If our solar system is host to an ET intelligence, argue transhumanist pundits, it's unlikely we'll meet flesh-and-blood aliens. Metallic interstellar spaceships with biological passengers made sense to pre-computer audiences, but the reality-bending potential of the Silicon Age has cautioned theorists from expecting anything so blatant as the arrival of a "mothership." It's more likely that our first meeting with ETI will involve a novel form of artificial intelligence -- perhaps even the encoded persona of the ETs themselves. (It's worth noting the possibility that the fabled signal awaited by SETI researchers may turn out to be a practical blueprint instead of a mere greeting. In Carl Sagan's "Contact," the blueprint provides humanity with a transportation device, but perhaps it's just as reasonable to expect instructions for building an "alien-making machine": certainly an elegant solution to crossing the void in a messy, energy-intensive spacecraft.)
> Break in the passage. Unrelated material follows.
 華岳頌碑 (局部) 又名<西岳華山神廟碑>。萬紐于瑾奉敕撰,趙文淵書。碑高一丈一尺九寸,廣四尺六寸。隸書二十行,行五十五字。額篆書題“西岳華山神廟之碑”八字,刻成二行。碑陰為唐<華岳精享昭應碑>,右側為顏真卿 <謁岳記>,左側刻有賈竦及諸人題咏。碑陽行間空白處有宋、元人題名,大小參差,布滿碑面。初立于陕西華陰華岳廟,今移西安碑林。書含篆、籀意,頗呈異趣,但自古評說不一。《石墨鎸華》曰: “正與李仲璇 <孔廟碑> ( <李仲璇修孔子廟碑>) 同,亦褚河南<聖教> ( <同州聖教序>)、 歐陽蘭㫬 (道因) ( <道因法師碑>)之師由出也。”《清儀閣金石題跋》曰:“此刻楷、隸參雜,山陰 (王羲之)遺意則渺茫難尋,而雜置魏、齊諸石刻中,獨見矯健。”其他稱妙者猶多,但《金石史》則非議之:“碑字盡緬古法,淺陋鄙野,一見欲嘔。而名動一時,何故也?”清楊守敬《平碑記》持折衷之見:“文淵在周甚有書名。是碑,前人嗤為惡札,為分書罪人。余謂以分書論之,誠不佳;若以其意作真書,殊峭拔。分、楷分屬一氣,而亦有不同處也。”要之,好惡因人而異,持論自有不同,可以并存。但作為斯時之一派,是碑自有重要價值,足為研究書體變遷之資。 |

If we're dealing with an interstellar AI, its capabilities could be quite "indistinguishable from magic" -- and its motives substantially weirder than expected by mainstream scientists intent on marketing ETI as a readily comprehensible "product."
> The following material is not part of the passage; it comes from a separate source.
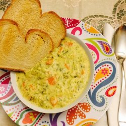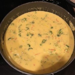 "My husband loves Panera® broccoli cheddar soup but it went up in price and therefore we set out on a hunt to create the perfect broccoli cheddar soup. Here is what we came up with. There are tons of variations and options to make this soup your own. You can add extra veggies, different cheeses, garlic to your onions, a little nutmeg to the finished soup, green onions, sour cream, etc. The list goes on and on. Make it your own! Serve topped with cheese!"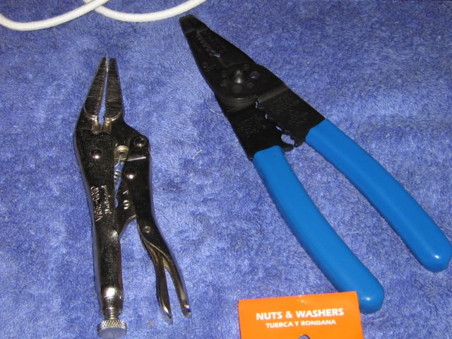 Crimp splice caps or ferruls, just a little bigger than the elastic. Brass washers, again just bigger than the elastic. Fairly cheap at about 2-3 bucks for a pack of ten. You need two caps and two washers for each leg.

A sufficiently ancient ET presence could easily predate humanity and could even have played a role in guiding our evolution (a la Arthur C. Clarke's enigmatic black Monolith in "2001"). If so, there's no reason it should simply vanish upon our achieving what Sagan aptly called "technological adolescence." Indeed, an abiding alien intelligence might consider our continued existence imperative, offering the prospect that we've been subjected to some elusive form of psychosocial engineering lest we exterminate ourselves through warfare or environmental abuse.
Granted that a "neo-Bracewellian" presence could appear much how it wanted to, bound only by the laws of physics, might the UFO phenomenon shed light on our seeming cosmic isolation?